We're pretty much thinking the same thing.
But as i mentioned there are two different IP blocks that this frame is reaching out on.
Im inclined to put this on a sepearte remediation vlan with no internet until i can figure out a way to tshoot this further but its an IoT device so the risk is low. -
@michmoor said in Seeking advice on next steps in investigation:
@bmeeks It is reaching out to Amazon blocks 3.0.0.0/9 and 52.88.0.0/13
Dont remember how photos were placed in the digital frame. Couldve been done through USB or through initial setup or through the app.
The signature being fired is really throwing my spidy senses in a frenzy.

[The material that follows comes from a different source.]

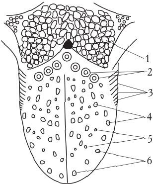 Рисунок 1. Сосочки языка: 1 язычная миндалина; 2 желобовидные сосочки; 3 листовидные сосочки по краю языка; 4 конические сосочки на спинке языка; 5 нитевидные сосочки; 6 грибовидные сосочки по краю языка

Its not uncommon for a CnC VPC to be turned up quickly.
Well, if the network the device is sitting on can only access the web and not any internal network, then it can't compromise your internal trusted networks. And if it is constantly connecting to the same IP space, and that space is Amazon, then it's not doing much in the way of malware. True malware, once it gets instructions from the mothership, then turns its attention to other IP addresses scanning for victims or something. A digital picture frame is not going to be a high horsepower device, and thus is of limited usefulness for most bad actors.
See if the firewall is showing any other outbound connections for that digital frame. If the only connections go to Amazon, I don't think I would sweat it much - especially since it's on an isolated network with only outbound Internet access.
That frame seems to offer quite a few features. Have a look here: https://www.nixplay.com/pages/help. It lets you invite friends to share photos. You do this through a phone app.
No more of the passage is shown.